Lex couldn't help laughing. "You want me to build a hideout?"
Clark shrugged. "Lots of abandoned houses around here with storm cellars."
"Great," Lex sighed. The problem with this idea was that it made sense. "I've always wanted to live in a hole with a light bulb hanging in it."
"Safest place to be in a storm," Clark said gently.
Lex managed not to kiss him. Barely. Managed not to tell him that the safest place to be in a storm was right where he was, in Clark Kent's arms. Fuck, and he'd thought he'd been in trouble before. He wondered how good Jonathan was with that shotgun of his. "You just want to keep me within easy rescuing distance," he said unsteadily. "You're developing a complex, Clark."
Clark rewarded him with a wry smile. "No kidding."
Lex could smell breakfast, could hear the classic rock station Martha was listening to in the kitchen; he felt his aching body relax against Clark. He puzzled over the concept of someone wanting to protect him without expecting anything in return, over the implausibility of being someone else's agenda. "There's something I haven't told you."
Clark snorted. "I'm shocked."
"After Pinocchio kills him? The cricket comes back to life."
Clark's eyes widened, then he exploded into laughter that echoed across the barnyard. "You jerk."
"No, seriously. He comes back to life."
Clark shook his head, still laughing. "That is ... that is one tough bug."

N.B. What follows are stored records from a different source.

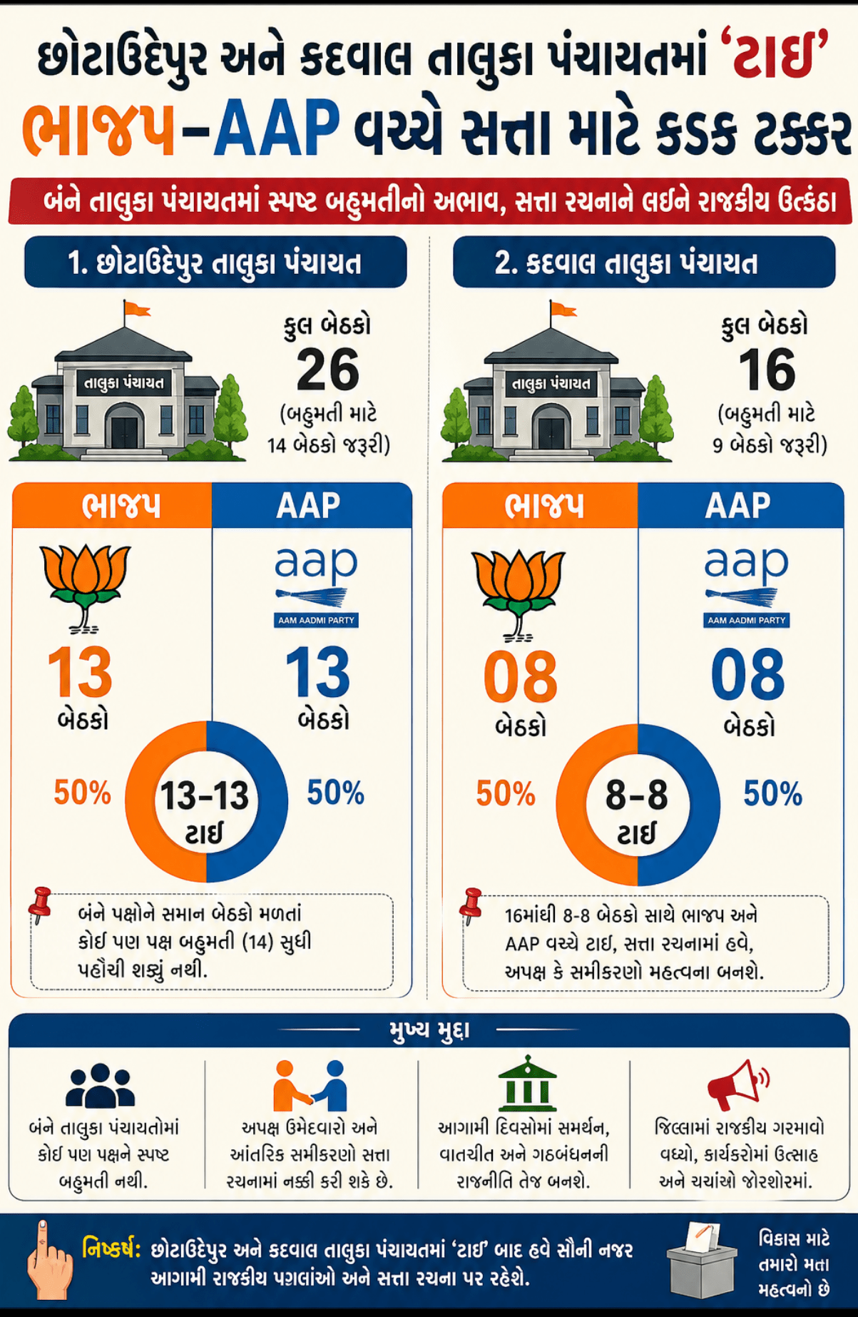 આ જ રીતે કદવાલ તાલુકા પંચાયતમાં પણ સમાન સ્થિતિ સર્જાઈ છે. કુલ 16 બેઠકોમાંથી ભાજપ અને આમ આદમી પાર્ટીએ 8–8 બેઠકો જીતતા અહીં પણ ટાઇની સ્થિતિ ઉભી થઈ છે. બંને તાલુકા પંચાયતોમાં હવે અપક્ષ અથવા આંતરિક રાજકીય સમીકરણો સત્તા રચનામાં મહત્વની ભૂમિકા ભજવશે તેવી શક્યતા વ્યક્ત થઈ રહી છે.
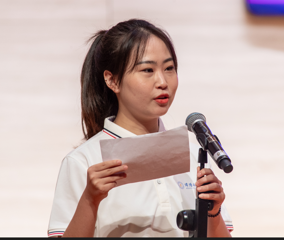 攀枝花市第三十六中小学校杨乂老师代表全体学员发言,表示在培训中将端正学习态度,遵章守纪,认真体会,刻苦练习,力争把专家老师的所教融会贯通,提升专业素养和专业能力。
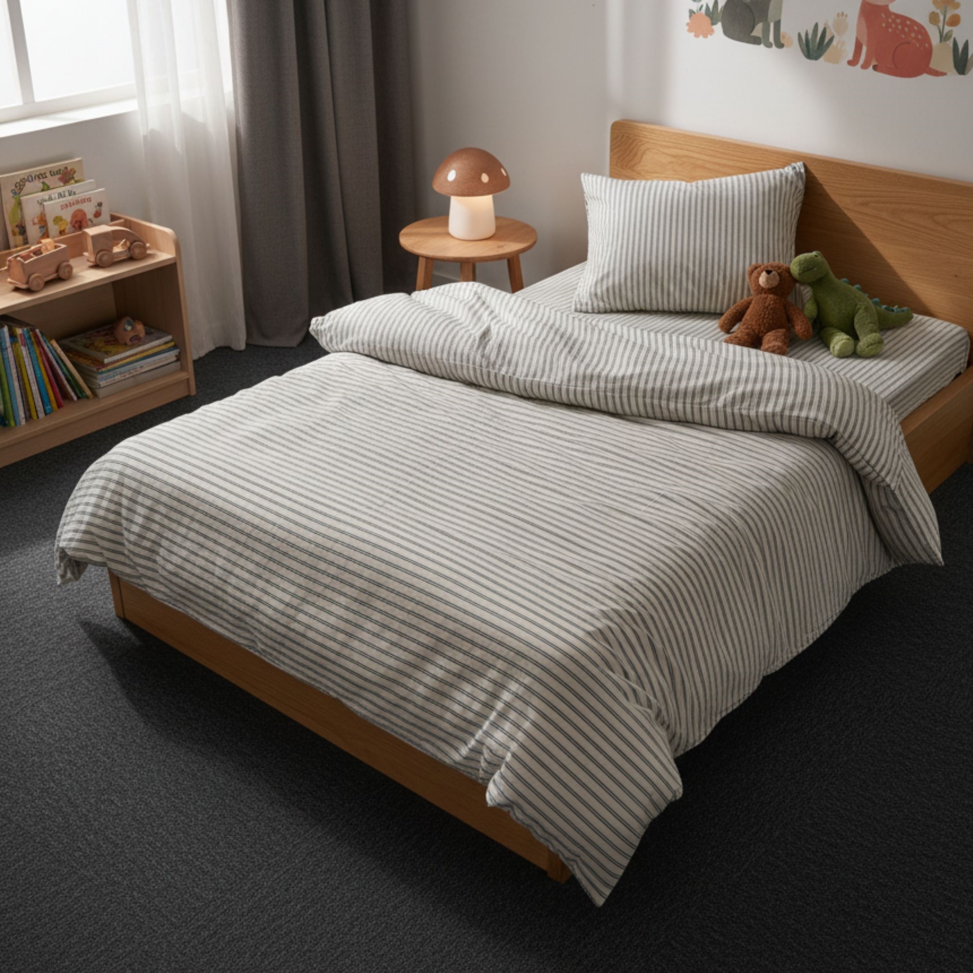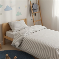 Home » Bedding » Children's bedding » Junior bedding 100x140 cm Junior bedding 100x140 cm - White bed set with green stripes - 100% soft cotton bed linen Save35% By Mats 27,4917,99EURSave 10,- In stock Quantity Add to basket See more from: By Mats Item number: 12159-8 Read our bedding guide See our large selection of fitted sheets See our large selection of duvets 100x140 Do you have questions about the product? High breathability100% soft cottonOEKO-TEX® certified Duvet cover: 100x140 cm - junior bed set Pillowcase: 40x45 cm Material: 100% soft cotton Color: White and green Design: Stripes Closure: Duvet with buttons and pillowcase with overlap Wash: 60° Tumble dry: Yes Ironing safe: Yes Certification: STANDARD 100 by OEKO-TEX® (2016OK0709 AITEX). Your guarantee that the product is free from harmful chemicals. Soft junior bedding in 100% cotton, with stripes. Made with light and breathable cotton threads that give the bed set a feeling of softness, making the duvet feel lovely for your child to sleep with. The balance of natural properties and comfort from the soft material, combined with the cozy design, makes this set a sure favorite for your child. Beautiful junior bed set with stripes, which is not only soft and comfortable but also decorative and will enhance the children's room. The bed set is made of 100% cotton which makes the set durable, soft and provides high absorbency as well as breathability. The pure cotton quality gives a lovely and soft bed set, which is also easy to maintain and creates a pleasant sleeping environment for your child. Cotton bedding can be washed at 60° in the washing machine, which also helps maintain a high level of hygiene. The bedding is furthermore OEKO-TEX certified, which is your guarantee that the set is free from harmful chemicals. Browse for favorites and much more in our large selection of accessories for the children's universe For the child, the bed should be a safe place and all elements together should create soft and pleasant surroundings for the child to find peace in. Therefore, feel free to use the child's interests to create a safe sleeping room for the child. With us, you can find a large selection of accessories for the bed and children's room, ranging from fitted sheets to duvets, pillows, bedding and much more, and plenty of products featuring all the children's favorites. All elements that can help create the right sleeping environment and room for your child. Here you can find lovely and soft quality fitted sheets Return to Junior bedding 100x140 cm Customers also bought Junior bedding 100x140 cm - Bedding set with white and blue stripes - 100% soft cotton bed linen In stock 27,4917,99EUR Add to basket Junior bedding 100x140 cm - White striped bedding set with dinosaurs and rockets - 100% soft cotton bed linen In stock 27,4917,99EUR Add to basket Junior all-season duvet 100x140 cm - With 100% musk duck down - Allergy-friendly down duvet - Nordstrand Home junior duvet In stock 149,9981,99EUR Add to basket Checked bedding - 100% cotton - Junior bedding 100x140 cm - Blue and white checks In stock 27,4917,99EUR Add to basket Junior pillow with down fibre - 40x45 cm - Zen Sleep - Children's pillow In stock 31,4913,99EUR Add to basket Bedding with animals - 100% cotton - Junior bedding 100x140 cm - Farm motif In stock 47,9920,49EUR Add to basket Ventilating Junior duvet 100x140 cm with class 1 muscovy down - SLEEP TECH By Borg Air flow down duvet In stock 272,4995,49EUR Add to basket Junior bedding 100x140 cm - Bedding set with white and light pink checks - 100% soft cotton bed linen In stock 27,4917,99EUR Add to basket Dragonfly bedding - 100% cotton - Junior bedding 100x140 cm - Beige with dragonflies In stock 27,4917,99EUR Add to basket Junior Wool Duvet - 100% pure new European wool - OEKO-TEX certified all-season duvet - 100x140 cm - Nature By Borg wool duvet In stock 176,9954,49EUR Add to basket You might also be interested in: White bedding - 100% Egyptian cotton satin - Junior bedding 100x140 cm - Turistripa - Narrow stripesTemperature-regulating and breathable material Extra fine 230TC satin weave for incredible softness Smooth and luxurious surface against the skin Guideline sales price : 61,22 Save : 13,23 68,49 EUR47,99 EUR (incl. VAT) Junior mattress protector - 70x140 cm - Boiled Cotton - Borg LivingBreathable and hypoallergenic Soft cotton OEKO-TEX® certified 47,99 EUR27,49 EUR (incl. VAT)
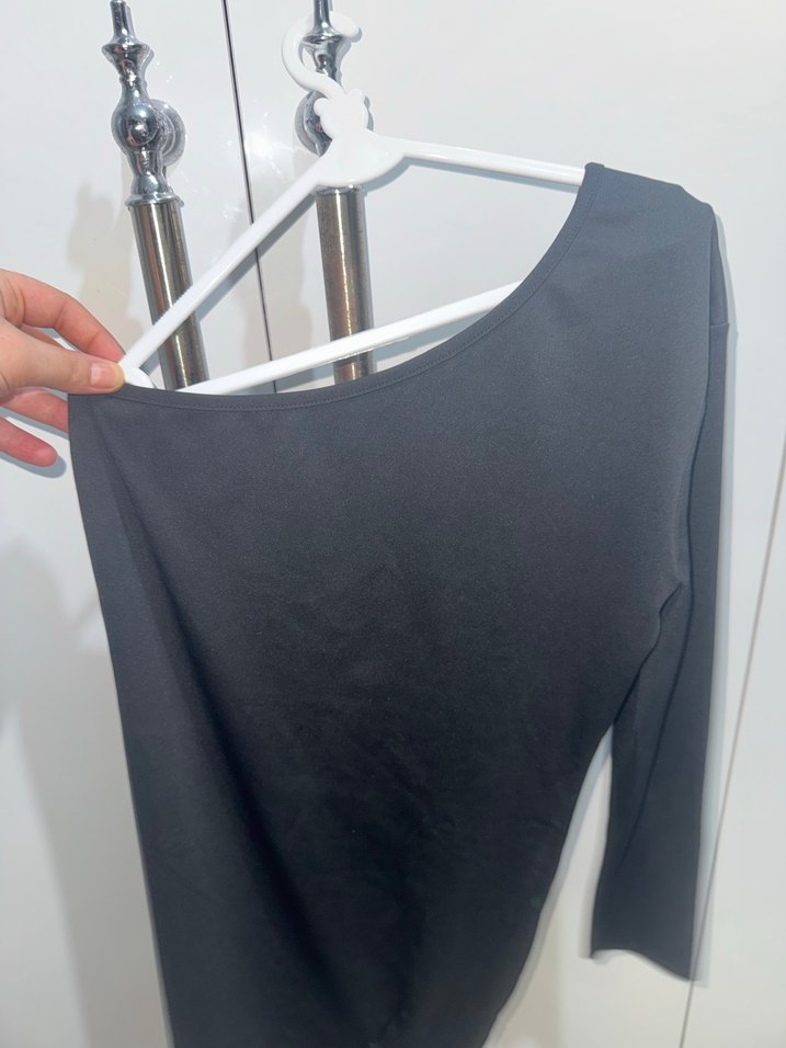 V Yakalı Siyah tek kol elbise
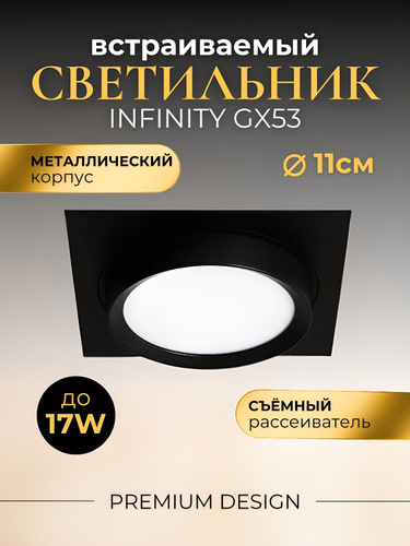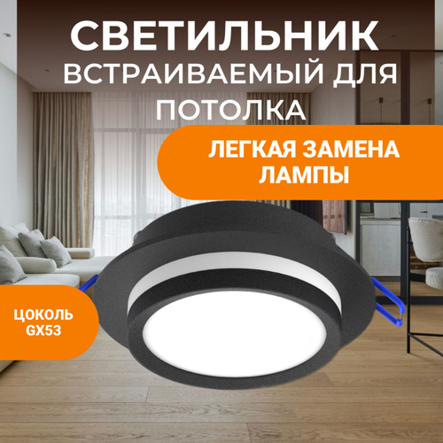 Светильник встраиваемый потолка gx53 INFINITY, точечный светильник потолочный черный, круглый
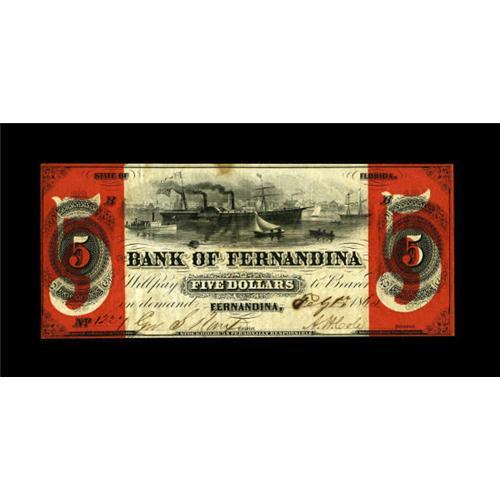 <B>Fernandina, FL- Bank of Fernandina</B></I> $5 Feb. 1, 1860 G2a Freeman 4<BR> A much higher grade than normally seen example from this much collected bank, this with vivid red protector ends and fully signed and issued. Sharp <B>Very Fine.</B></I><BR><BR><b>Shipping:</b> Coins & Currency (<a target="_blank" href="http://www.heritageauctions.com/common/shipping.php">view shipping information</a>)
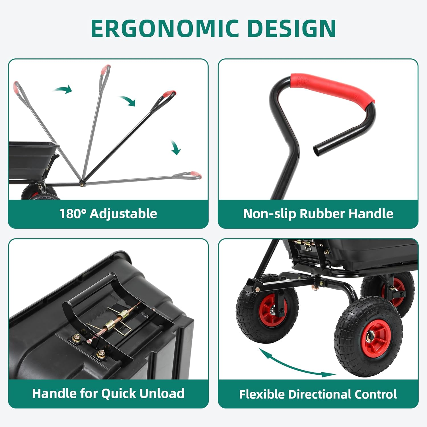 600lbs Garden Dump Cart, 4 Cu.Ft Heavy Duty Wagon Cart with 10" All Terrain Wheels, Steel Frame & Quick Release, Utility Wagon Carts for Yard, Farm and Garden(Black)

"I'd say that's an accurate assessment."
"And if I were Pinocchio I wouldn't piss him off."
"My thoughts exactly."
"So does Pinocchio ever apologize for being such an asshole?"
Lex grinned at him. "Absolutely. And it's a very sincere apology, too." He settled his good arm around Clark's neck. "You know, I could get used to this."
Clark came to a halt outside the kitchen door, grinning back at him, warming Lex from the inside out. "Get the door, mastermind," Clark said affectionately. "I only have six hands."